The warnings seemed to suggest some issue with the 12V battery, which caused a whole cascade of issues. But the bigger issue came as a consequence of the car’s strange power situation; some aspects of the car seemed to have power, some didn’t. Wanting to investigate more, my neighbor wanted to get into the driver’s seat, so she would have access to all the controls, etc. It makes sense, I’d want that, too.

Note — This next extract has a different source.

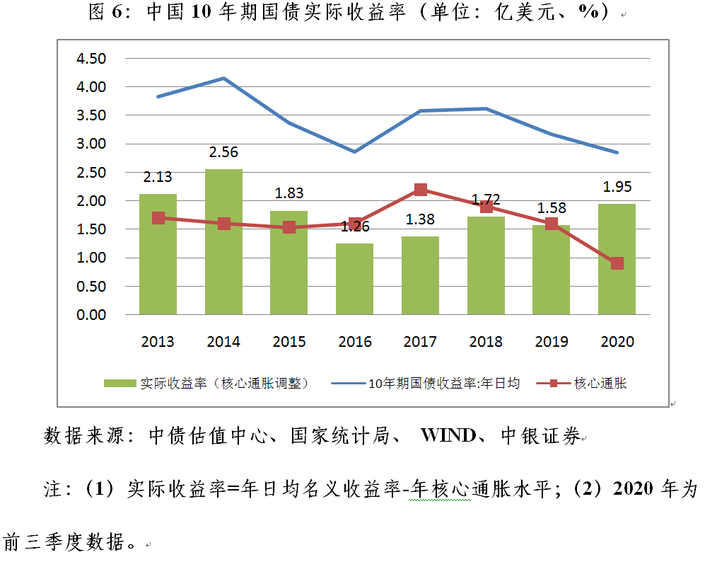 首先,这是支持财政政策更加积极有为的需要。鉴于新冠肺炎疫情尚未结束,影响依然存在,造成的损失特别是中长期损失巨大,最近国际经济组织均一再呼吁不要过早撤销宏观政策尤其是财政政策对经济复苏的支持。因此,未来一个时期,中国财政政策仍有必要继续积极有为,中央和地方政府债务融资将存在较大需求。引导债券市场利率走低,有助于降低政府融资成本,提高政府债务可持续性。而以核心通胀调整的10年期国债实际收益率,今年前三季度达到1.95%,为2015年以来最高,也显示当前国债收益率有下调空间。

So, she tried to open the door from the outside, and had no luck. She remembered there was an emergency door release, so she pulled that reaching over from the passenger’s side to get the door open, and was rewarded with a sickening crack as the driver’s side window cracked. Alarmed, she closed the door, which just made the cracks even bigger, effectively shattering the window, though for now it’s still holding together. But it’s very boned:

Crackedwindow

At this point she called me to come take a look. I brought a battery analyzer/charger to see how the 12V battery was doing, and it checked out okay, just with 50% charge. Not great, but not dead-dead. The bigger issues seemed to be that, for some reason, the doors on the driver’s side of the car had no power, the tailgate only had partial power (latch seemed to work, but the power struts to lift/close it were dead) and the lights were strange. The DRL on the left worked, but not the right, and the turn indicators worked only on the right up front and the left rear.

Lightweirdness

Looking on the internet, the power issue could be one of the body controllers, which seem to be named VCLeft, VCRight, VCFront, etc. That’s definitely annoying, but if that is what’s going on, that’s a module that can be swapped out and fixed. The bigger and more maddening issue here is the shattered window.

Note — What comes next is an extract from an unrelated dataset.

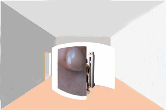 Die entstehenden Bilder werden live auf eine Rundleinwand projiziert und sind für die teilnehmende Person sichtbar. Durch die Nähe und die Fragmentierung wird die gewohnte Wahrnehmung des Körpers aufgehoben: Die Haut erscheint als Landschaft und als abstraktes Bild jenseits von Wiedererkennen und Zuschreibung. Die Aktion kann sowohl als intime, individuelle Erfahrung als auch als öffentliche Performance realisiert werden.

What I find absurd is that opening a door – even in an “emergency” context – could cause so much damage to the car. What happened is pretty clear, once you see it: for a Tesla Model Y’s doors to safely open, the window must drop down about an inch to clear the weatherstripping and molding on the body. If it doesn’t, the window gets caught, gets torqued, and shatters, just like what happened to my neighbor.

Emergencyrel

Now, this is something of a known problem. In fact, Tesla had a sort-of fix for this, where they made sure that when the emergency door release was activated, the window would drop down, just like if the normal latch had been used. That’s great for preventing people from accidentally using the emergency release in normal circumstances (which seems to happen a fair amount, from chatter on the forums, and the fact that people sell these stickers) but if the car has no power, or, like in my neighbor’s situation, partial power, then it doesn’t matter, since that window can’t go down without power.

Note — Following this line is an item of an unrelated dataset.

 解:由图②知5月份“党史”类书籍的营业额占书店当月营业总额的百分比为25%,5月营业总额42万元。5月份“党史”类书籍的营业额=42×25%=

Even Tesla’s own Model Y owner’s manual says to use the emergency release in situations where there is no power, but no mention is made of the fact that it’s very likely the window will shatter if you use it:

Teslamanual Emeropen

I suppose if you open the door really slowly and carefully, you can maybe get by without cracking the window, but this is specifically for emergencies, when slowly and carefully just isn’t really on the menu. Also, the way my neighbor opened the car wasn’t exactly panicked; it was just normal door-opening effort. If that window doesn’t drop down, it’s going to break.

Tesla suggests that in the case of getting out of a Model Y with no power, you use the rear seat doors instead, which don’t need to drop their windows. So, that means Tesla wants you to climb over the seats into the back, then go through this simple procedure to open the doors:

Teslamanual Emeropen Rear

See! It’s a simple three-step process that just asks you to remove the mat from the inside of the rear door pocket. Easy!

Power issues aside, this is absolutely maddening, I think. Is there any good reason that the doors should work like this? I get that frameless doors are cool, but they’re not that cool, especially not cool enough to justify broken window glass. And other cars with frameless doors somehow manage to avoid this problem. Here’s some people talking about just this issue – where the window normally drops a bit to open the door, but for some reason, can’t – on a Volkswagen Arteon forum, and the Arteon’s frameless door design manages to avoid shattering the window:

“You are still able to open the door even without power. The glass will just bend past the seal. For closing the door without power you just have to tuck it underneath the seal. This is what might happen if you forget to add a silicone lubricant at the bottom of the window after a car wash in the winter. My experience is from living in Norway with it.”

This is how I’ve seen most frameless doors work, where they just press the glass against a rubber weatherstripping seal and sometimes have a flexible seal in front of the glass, too. But never a rigid bezel that can get in the way and, you know, break the damn window. The only other car I could find evidence of a similar problem was the McLaren MP4-12C. The owner’s manual for that car even has a sort of warning about this:

Mclarenwarning

That’s a McLaren, though, not a best-selling mass-market EV. Still sucks, of course.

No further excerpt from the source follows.